Incidence of fatal food anaphylaxis in people with food allergy: a systematic review and meta-analysis

Affiliations
Free PMC article
Meta-Analysis

Incidence of fatal food anaphylaxis in people with food allergy: a systematic review and meta-analysis

T Umasunthar et al. Clin Exp Allergy. 2013 Dec.
Free PMC article

Abstract

Background: Food allergy is a common cause of anaphylaxis, but the incidence of fatal food anaphylaxis is not known. The aim of this study was to estimate the incidence of fatal food anaphylaxis for people with food allergy and relate this to other mortality risks in the general population.

Methods: We undertook a systematic review and meta-analysis, using the generic inverse variance method. Two authors selected studies by consensus, independently extracted data and assessed the quality of included studies using the Newcastle-Ottawa assessment scale. We searched Medline, Embase, PsychInfo, CINAHL, Web of Science, LILACS or AMED, between January 1946 and September 2012, and recent conference abstracts. We included registries, databases or cohort studies which described the number of fatal food anaphylaxis cases in a defined population and time period and applied an assumed population prevalence rate of food allergy.

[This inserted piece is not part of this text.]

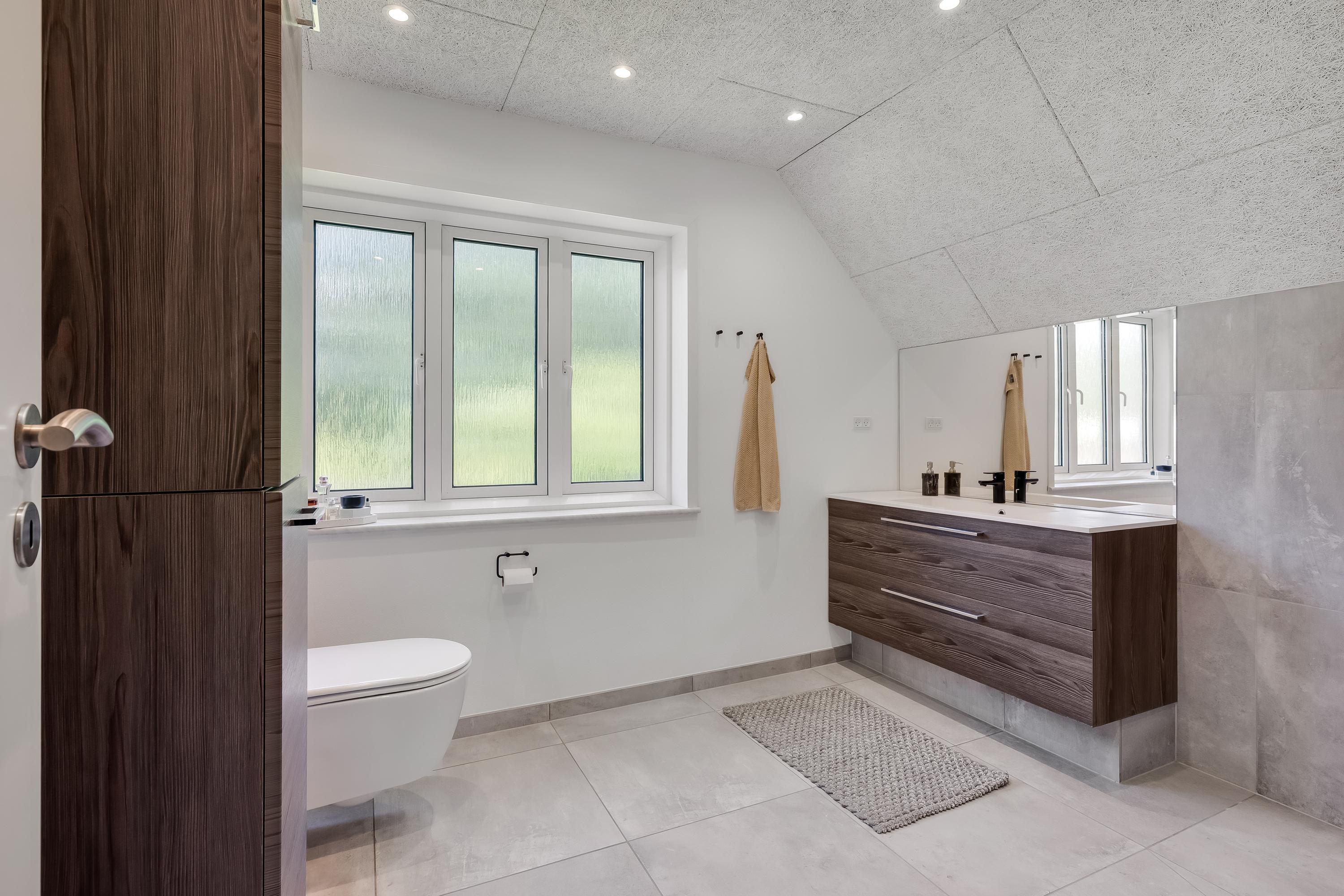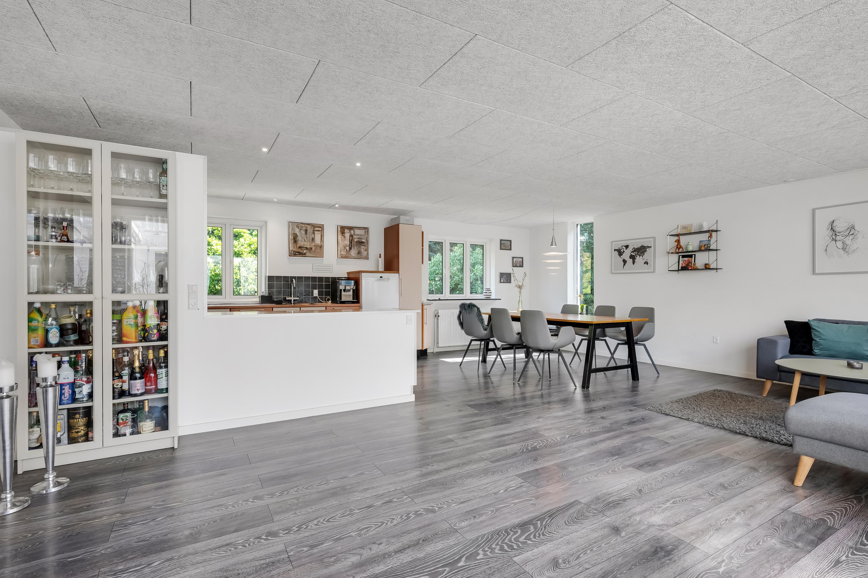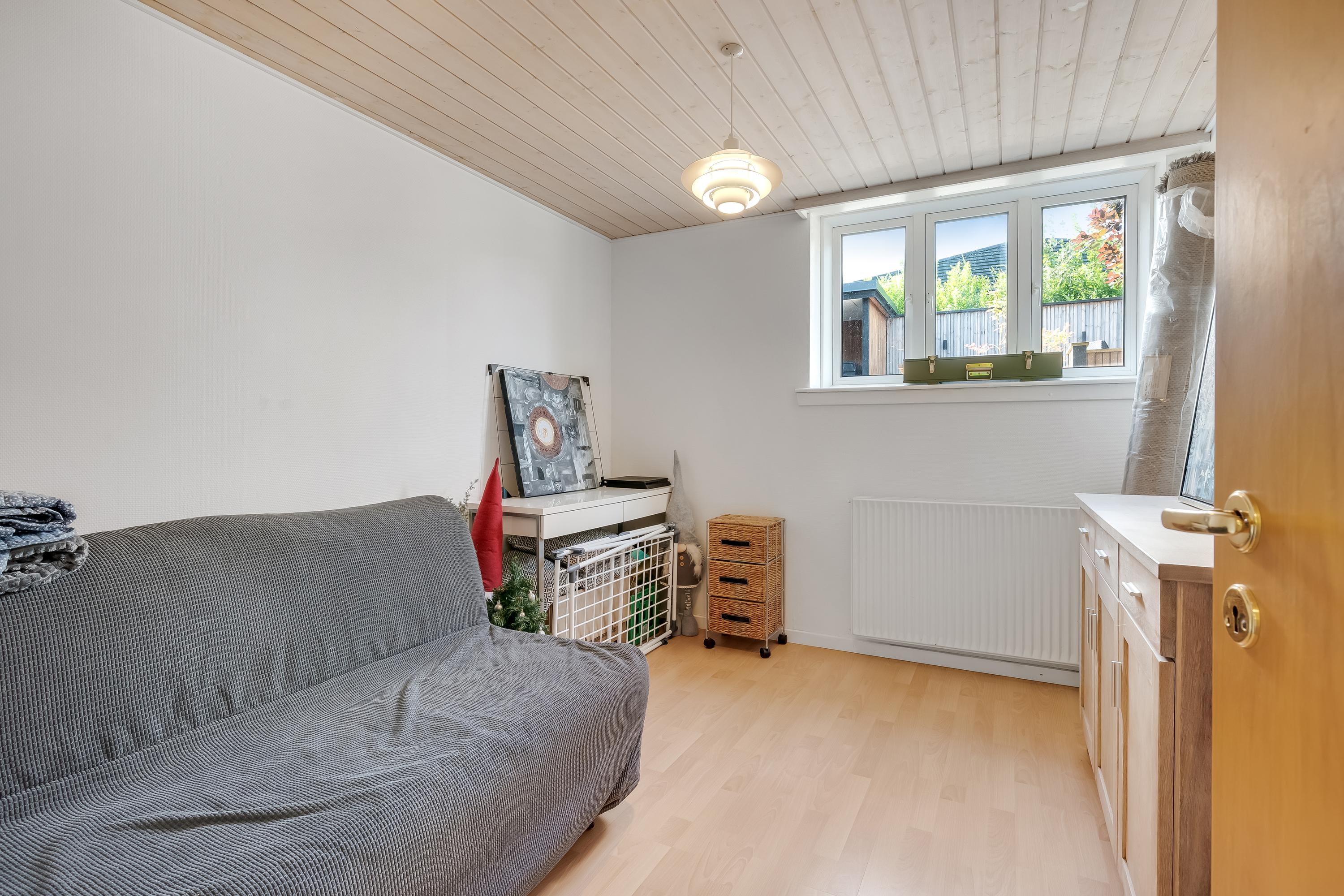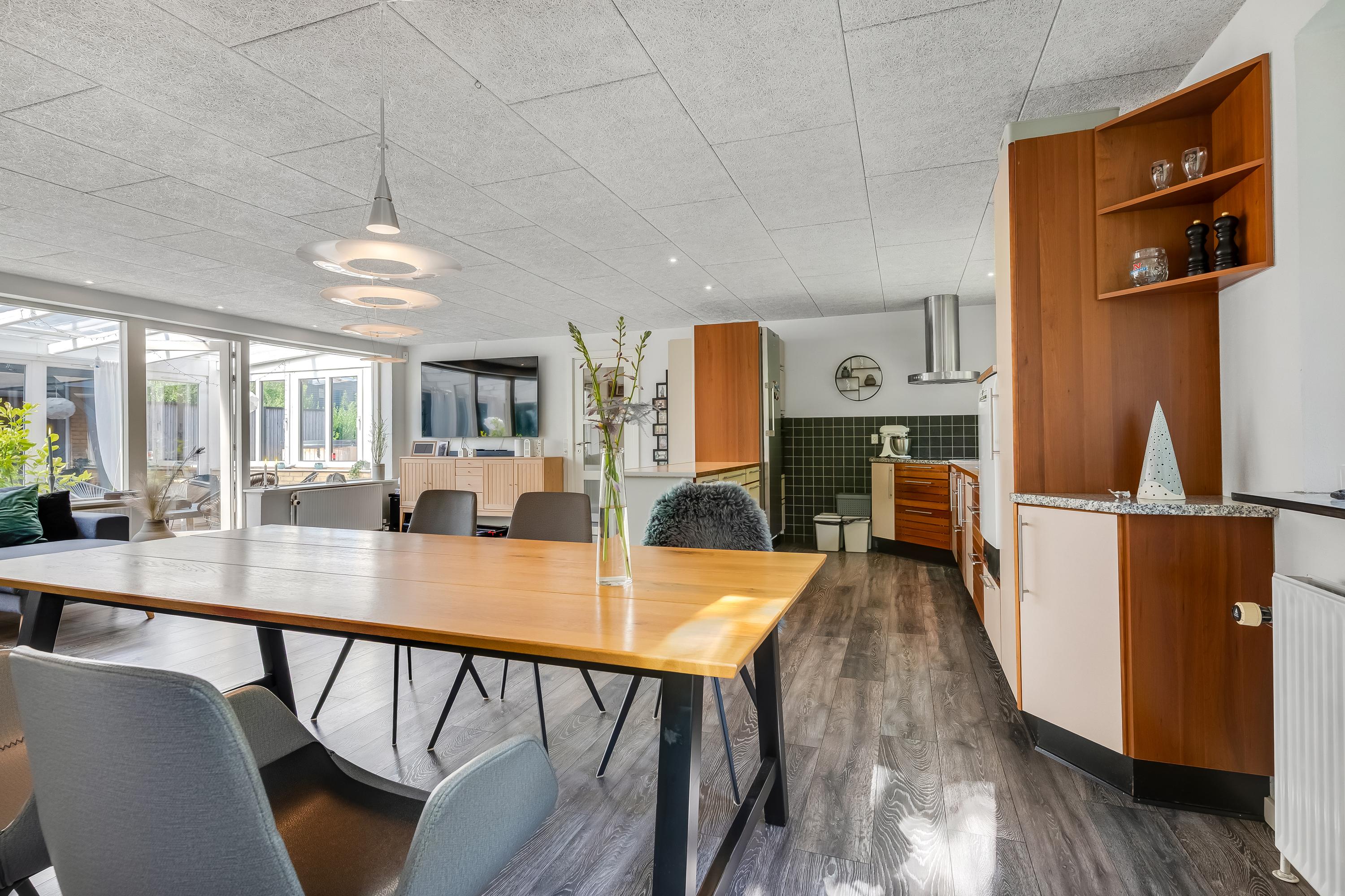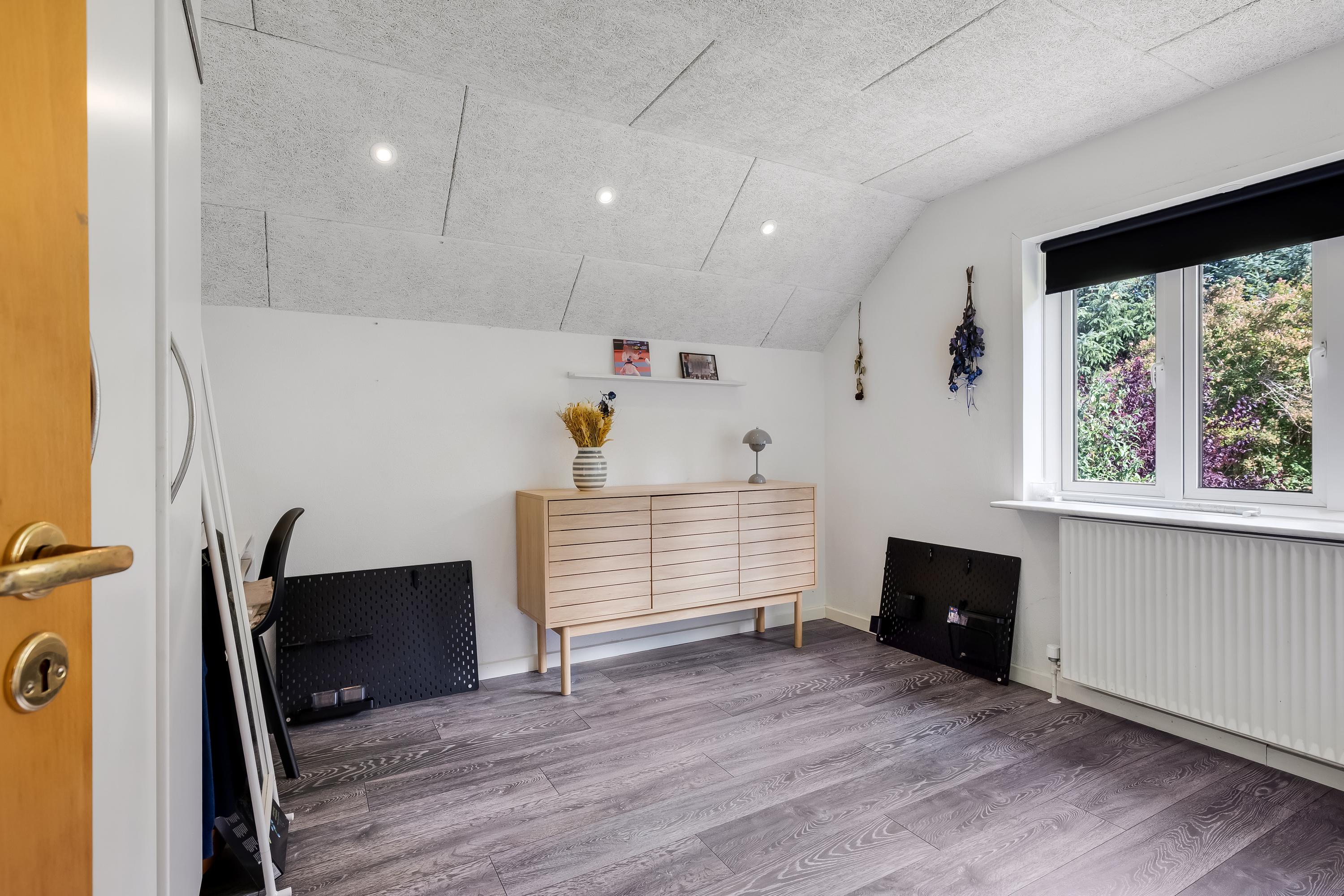 Det er den enorme sydvendte terrasse og den ligeledes voluminøse garagebygning, der skiller denne spændende ejendom i Holstebro ud fra mængden. I kommer til at bo i villaen, der med 125 m2 og hertil en god og anvendelig kælder fint kan huse en børnefamilie. Det ligger altsammen på en lukket stikvej

Results: We included data from 13 studies describing 240 fatal food anaphylaxis episodes over an estimated 165 million food-allergic person-years. Study quality was mixed, and there was high heterogeneity between study results, possibly due to variation in food allergy prevalence and data collection methods. In food-allergic people, fatal food anaphylaxis has an incidence rate of 1.81 per million person-years (95%CI 0.94, 3.45; range 0.63, 6.68). In sensitivity analysis with different estimated food allergy prevalence, the incidence varied from 1.35 to 2.71 per million person-years. At age 0-19, the incidence rate is 3.25 (1.73, 6.10; range 0.94, 15.75; sensitivity analysis 1.18-6.13). The incidence of fatal food anaphylaxis in food-allergic people is lower than accidental death in the general European population.

Conclusion: Fatal food anaphylaxis for a food-allergic person is rarer than accidental death in the general population.

Keywords: anaphylaxis; food allergy; mortality; systematic review.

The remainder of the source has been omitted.